È con questi presupposti che nei primi mesi del 2013 nasce “VIVAL Associazione Viticoltori valdostani”, a cui hanno aderito le 6 cooperative, l’Institut Agricole Régional e 25 produttori privati, e che è rappresentata da un logo formato da un grappolo di uva nei colori rosso e nero.

Il risultato: circa il 90% della produzione regionale di vino DOC è così un unico gruppo, che all’anno nel complesso produce circa 2 milioni di bottiglie, destinate al mercato nazionale ed internazionale.

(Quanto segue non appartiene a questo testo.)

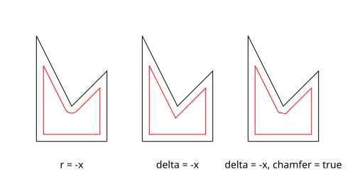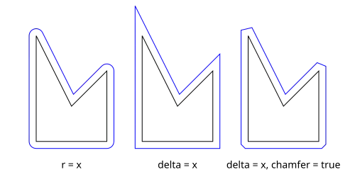 offset(c)is equivalent tooffset(r=c). - delta specifies the distance of the new outline from the original outline, and therefore reproduces angled corners. No inward perimeter is generated in places where the perimeter would cross itself.

Gli scopi principali sono:

  • sostenere e realizzare attività destinate alla promozione della viticoltura valdostana;
  • tutelare e salvaguardare la vitivinicoltura valdostana con una particolare attenzione ai vini fruenti della DOC;
  • formulare proposte o richieste di interventi regionali nel settore vitivinicolo;
  • studiare e proporre azioni sia tecniche che organizzative o finanziarie atte a migliorare la viticoltura sotto il profilo qualitativo, quantitativo ed economico;
  • divulgare il nome dei vini valdostani;
  • sviluppare il mercato delle produzioni agroalimentari insieme al settore turistico locale.

La promozione della viticoltura valdostana, e quindi dei vini DOC, avviene sia tramite la partecipazione a fiere ed eventi a livello nazionale ed internazionale, sia attraverso l’organizzazione di manifestazioni a carattere regionale, tra cui le storiche feste dell’uva di Chambave e Donnas.